New Zealand athletics coach

Albert Archibald Jelley (born 13 August 1922) is a New Zealand athletics coach who has coached leading New Zealand athletes including John Walker and Hamish Carson. He has been an athletics coach for over six decades and coached at Olympic level up until his mid-90s. Jelley has also been a teacher, an athletics administrator, and a bridge tutor.

==Biography==

===Personal life===
Jelley was born in Dunedin on 13 August 1922, into a family that was heavily involved in sport. His father, Albert Edward Jelley, was a first-class cricket umpire. Arch Jelley has siblings: Charley, Mary, Stan and Effie.

Jelley was a pupil at Mornington School from 1927 to 1935, and joined the Mornington Harrier Club at the age of 18.

Jelley married Rachel in 1953, and she was his partner until her death in 2000. In 2002, Jelley married Jean, whom he had met through playing bridge, and between them have eight children, 16 grandchildren and seven great-grandchildren.

Jelley celebrated his 100th birthday in August 2022, saying: "Turning 100 doesn't feel any different than how I've ever felt – I think it's just a bit of a shock when you first look at that number".

===Teaching career===
Having served in the Royal New Zealand Naval Volunteer Reserve during World War II acquiring a commissioned officer rank deployed on Russian Convoy duties, Jelley returned to New Zealand to begin studies at Dunedin Teachers' College and at the University of Otago. He began his teaching career in rural Wanganui and then moved to Wellington. In January 1957, he moved to Auckland. In 1966, he became the founding principal of Sunnybrae Normal School on the North Shore.
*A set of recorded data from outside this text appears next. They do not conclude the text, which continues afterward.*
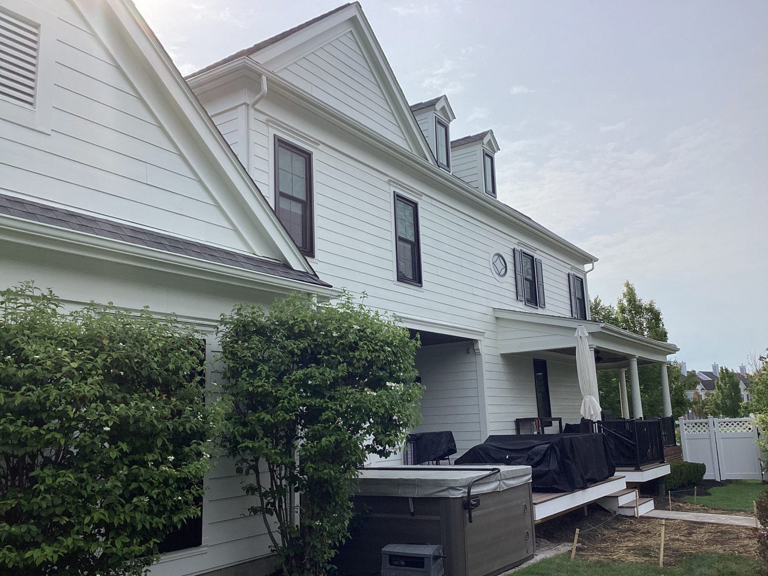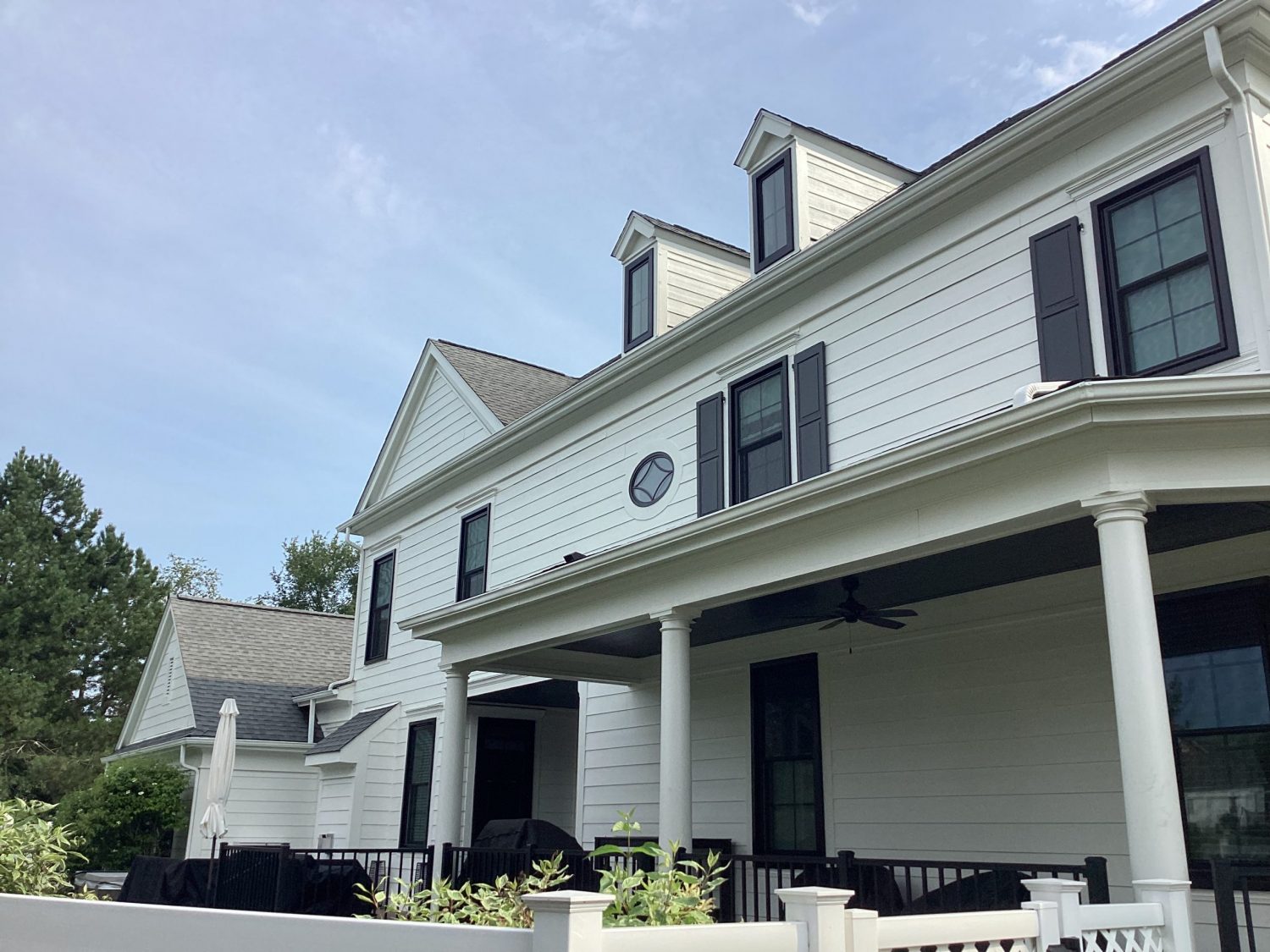 From faded purple to beautiful soft white and black accents. With the composite deck, railings, and black windows now installed, the paint job looks just that much better.
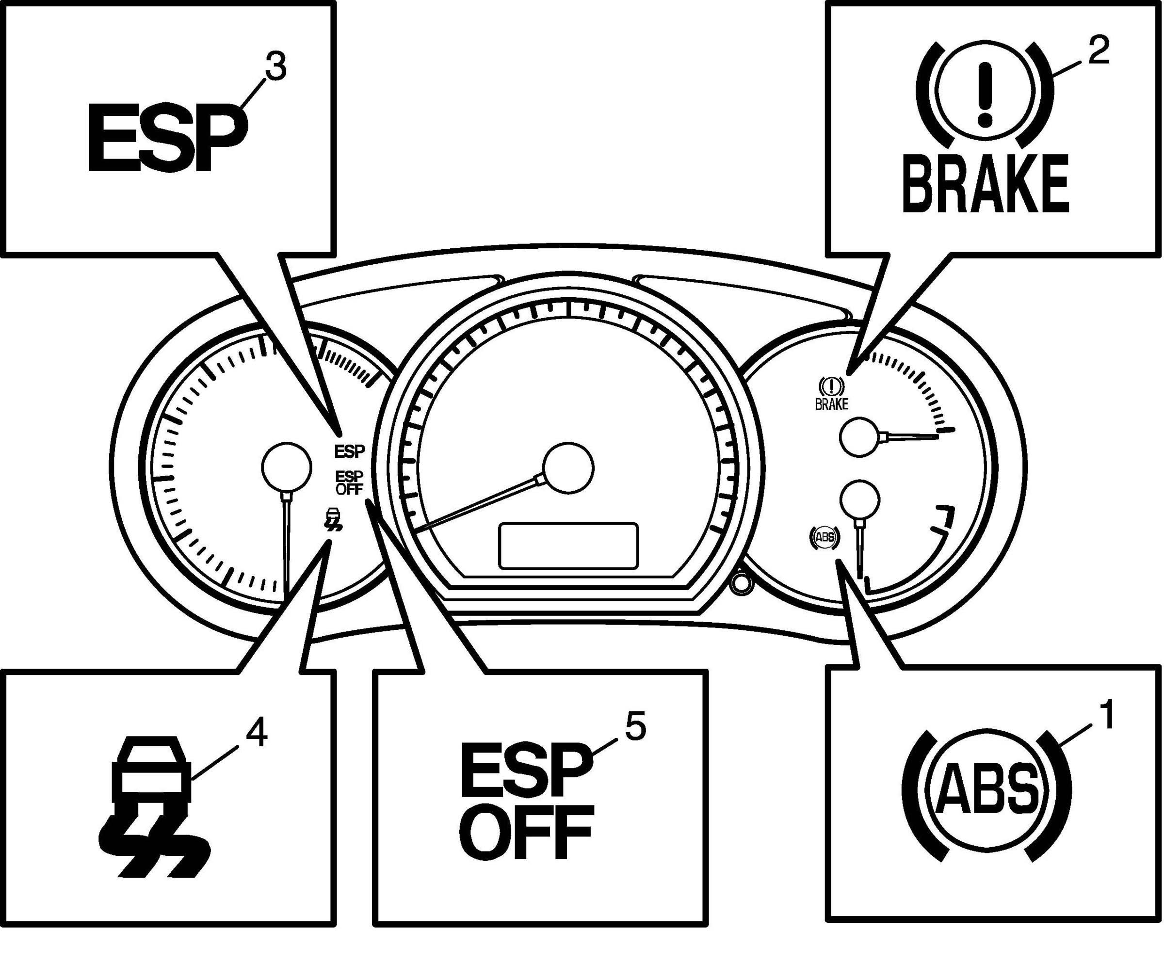 ESP(R) control module monitors each input and output signals. When ESP(R) control module detects any malfunction, some of ABS warning light (1), EBD warning light (brake warning light) (2), ESP(R) warning light (3), SLIP indicator light (4), ESP(R) OFF light (5) are turned ON and indicate the abnormality to driver.
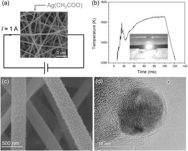 (a) 焦耳加熱法將銀納米顆粒長到CNFs上;插圖為靜電紡絲法制備的CNFs形貌。
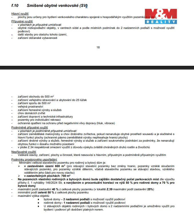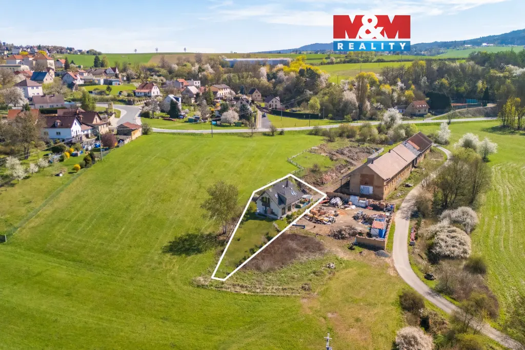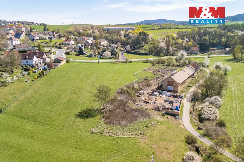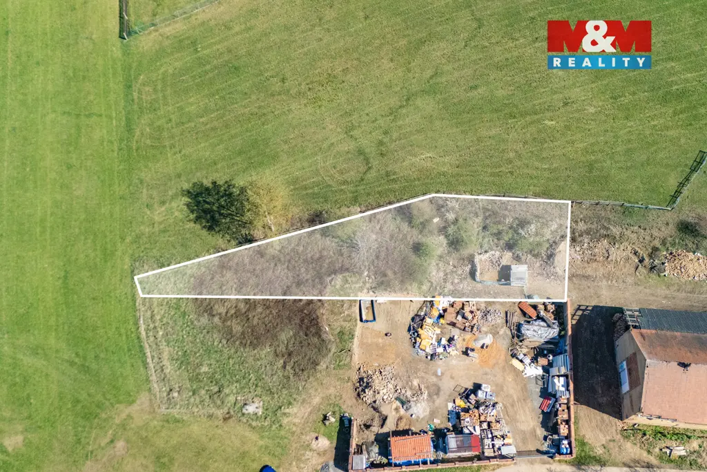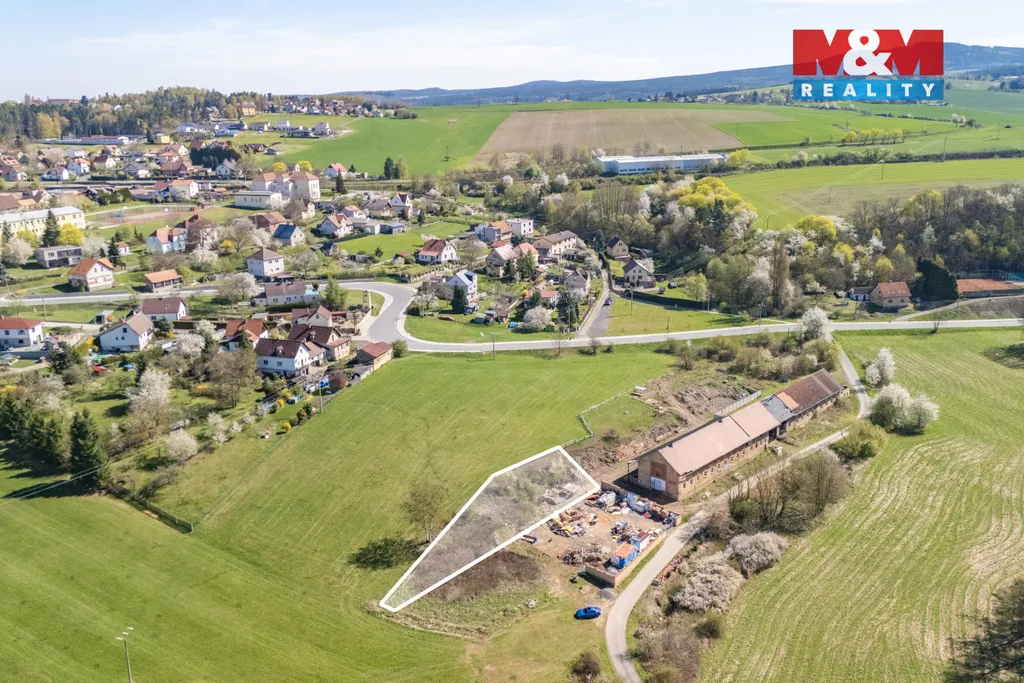 Pozemek má nepravidelný tvar a nachází se na okraji obce, což zajišťuje dostatek soukromí i krásné výhledy do okolní krajiny. Dle územního plánu je zde možná výstavba rodinného domu – například moderního domu o jednom nadzemním podlaží s obytným podkrovím, jak je znázorněno ve vizualizaci.
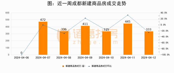 【成都成交日报】04月12日新房成交333套、二手房926套;涨价房源38套
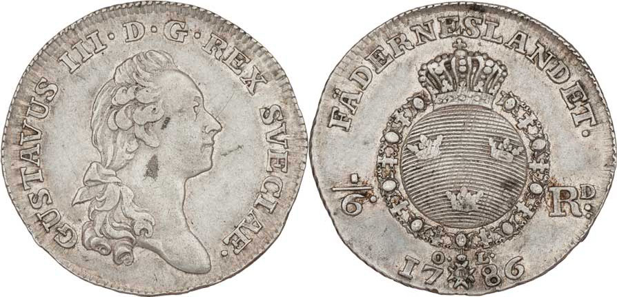 1/6 Riksdaleru 1786 OL, KM.516 (Ag691), 6.138g, mírně just., dr.hr., dr.rysky, pěkná patina R!
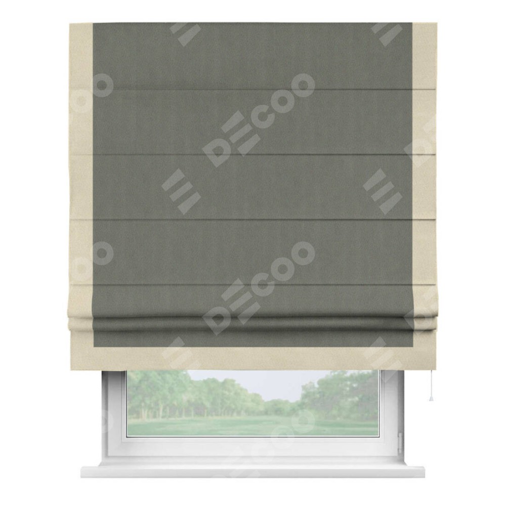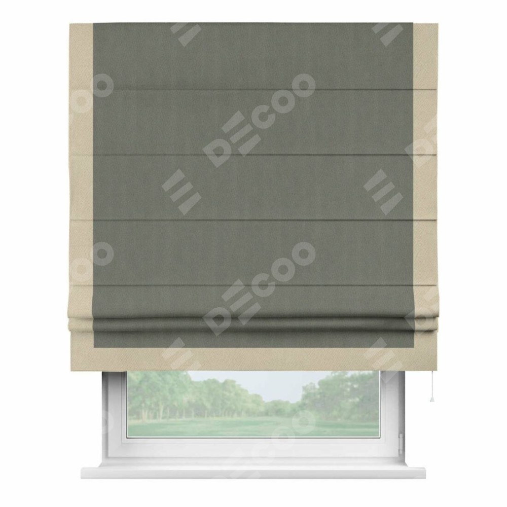 Римская штора «Кортин» с кантом Виктория, для проема, ткань блэкаут однотонный тёмно-серый
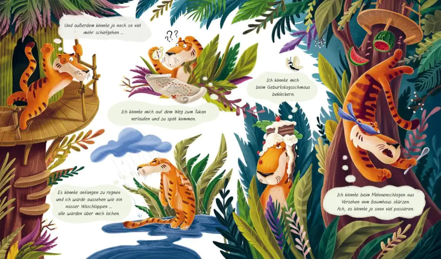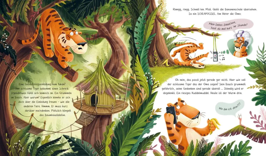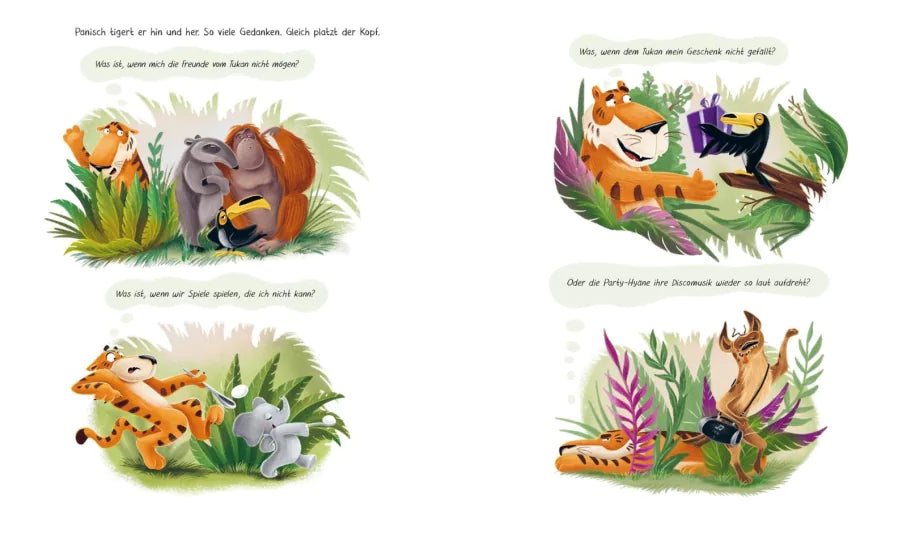 Im Urwald ist was los – der Tukan feiert Geburtstag, und alle Freunde sind eingeladen! Auch der achtsame Tiger ist dabei. Doch statt sich einfach zu freuen, wirbeln plötzlich ganz viele Gefühle durch ihn hindurch: Aufregung, Unsicherheit – und irgendwann weiß er selbst nicht mehr, was da gerade passiert.
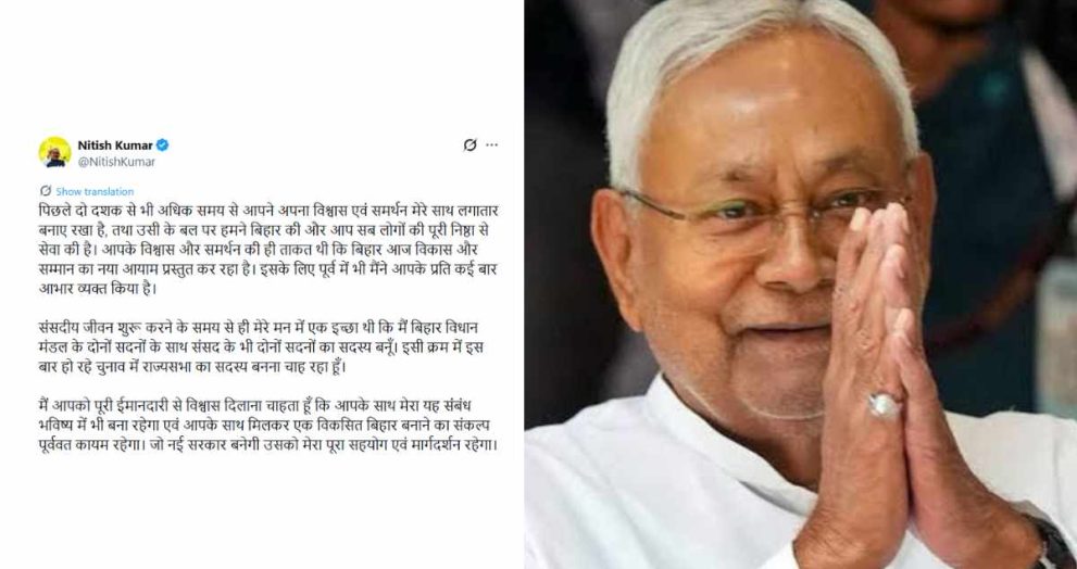 पटना। Nitish Kumar ने बिहार की राजनीति को लेकर बड़ा संकेत दिया है। उन्होंने सोशल मीडिया प्लेटफॉर्म X (Twitter) पर पोस्ट कर साफ कर दिया कि वे इस बार Rajya Sabha के चुनाव में जाना चाहते हैं। उनके इस बयान के बाद Bihar में नई सरकार बनने की चर्चा तेज हो गई है। नीतीश कुमार ने अपने संदेश में कहा कि पिछले दो दशकों से अधिक समय से बिहार की जनता ने उन पर भरोसा जताया है और उसी विश्वास के बल पर उन्होंने राज्य की सेवा की है। उन्होंने कहा कि जनता के सहयोग से बिहार आज विकास और सम्मान के नए मुकाम पर पहुंचा है। उन्होंने यह भी […]
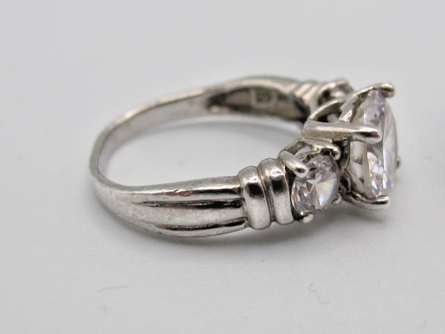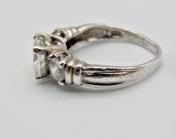 как выглядит Vtg 925 Sterling sz7 Ring 3 Rnd Stone Brilliant CZ w/CZ Side Accents Ring 3.6gr фото
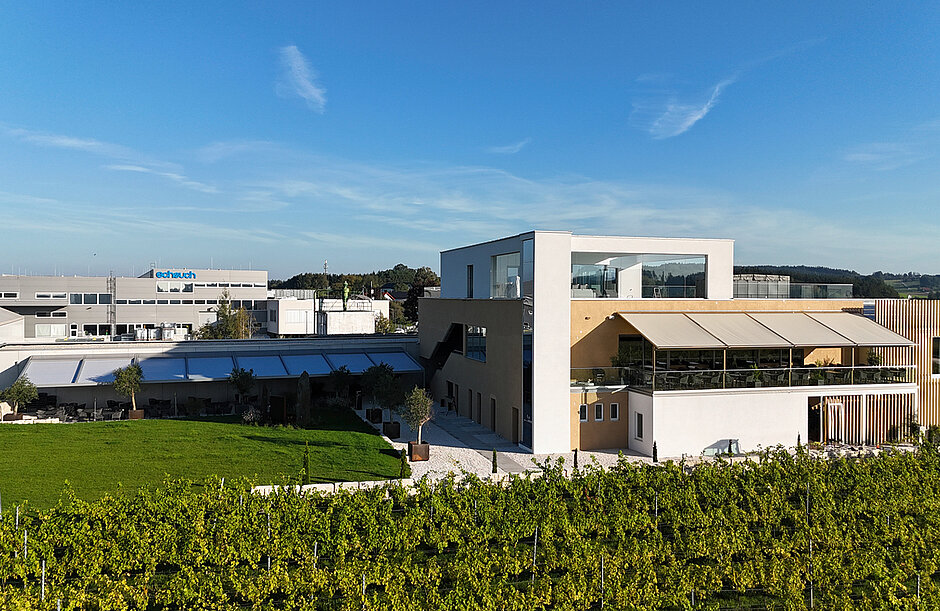 Auf dem noch jungen Weingut im Innkreis bauen Christian Pumberger und sein Kellermeister Christian Größlbauer seit 2019 Weißwein an. Den verköstigen die Winzer nun bereits im dritten Jahr im Restaurant des »Weinwerks«, einer Eventlocation für Hochzeiten und Firmenveranstaltungen. Das Geschäftskonzept, zu dem eine Schaukellerei sowie Weinführungen im großen Stil gehören, erwies sich mit seinen stetig wachsenden Besucherzahlen als sehr erfolgreich. Daher entschied sich Eigentümer Christian Pumberger dazu, die Außengastronomie seines modernen Betriebs durch Markisen von Hersteller Markilux wettersicher zu gestalten.
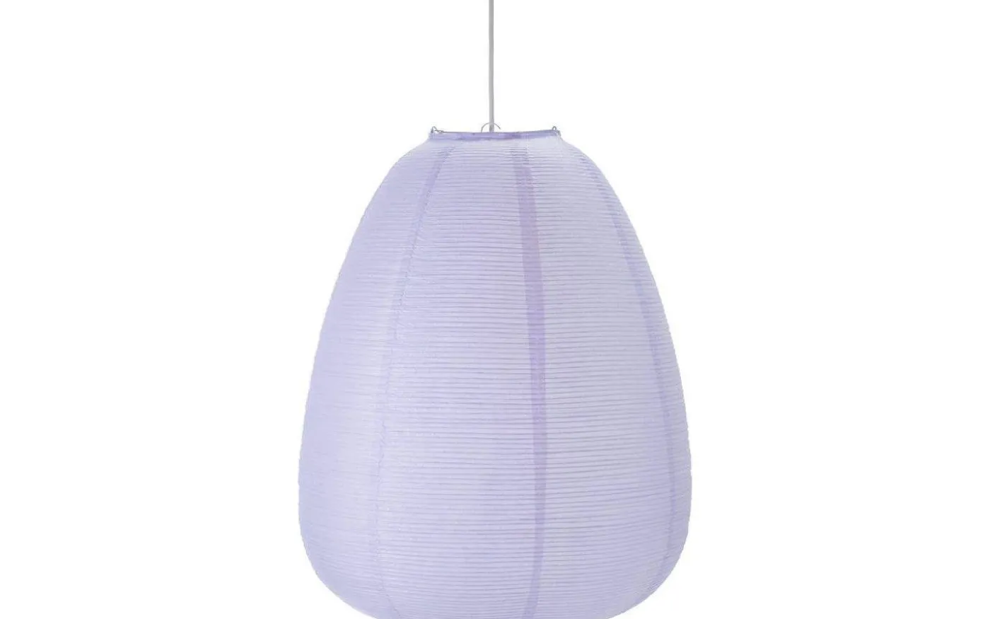 Maki takskärm från PR Home är en rispappersskärm med tät oregelbunden metalltråd som skapar ett vackert mönster. Maki är äggformad och spänns ut till sin form med hjälp av en metallexpander som medföljer. OBS! Då skärmen är gjord i fint papper behöver den hanteras varsamt när metallbågen sätts i.
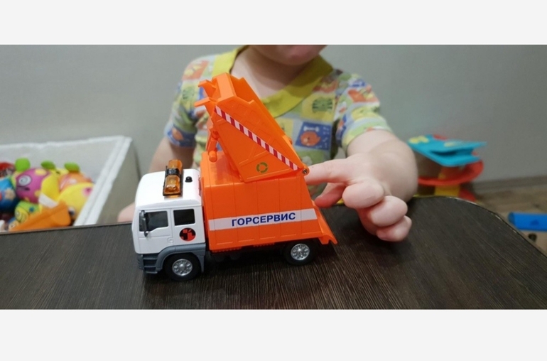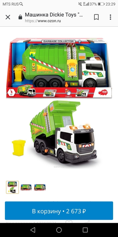 У сына от технопарка. Не большая. Инерционная. Бак открывается. В комплекте ещё мусорный бак.
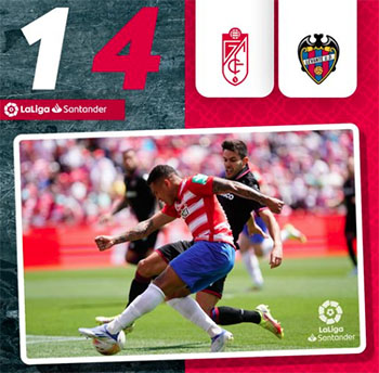 Alex Collado deed in de slotminuut nog wat terug voor Granada (1-3) maar in de blessuretijd tilde voormalig Granada-speler Roberto Soldado het verschil toch weer naar drie doelpunten (1-4) in het voordeel van Levante.

Jelley served as principal at Sunnybrae for more than 20 years.

===Coaching career===
Jelley began coaching athletics in 1957. He took Neville Scott to the 5000 metres final at the 1964 Summer Olympics and helped Ian Studd win bronze in the mile at the 1966 British Empire and Commonwealth Games.

At the 1976 Montreal Olympics, in addition to John Walker, Jelley also coached Rod Dixon and Dick Quax.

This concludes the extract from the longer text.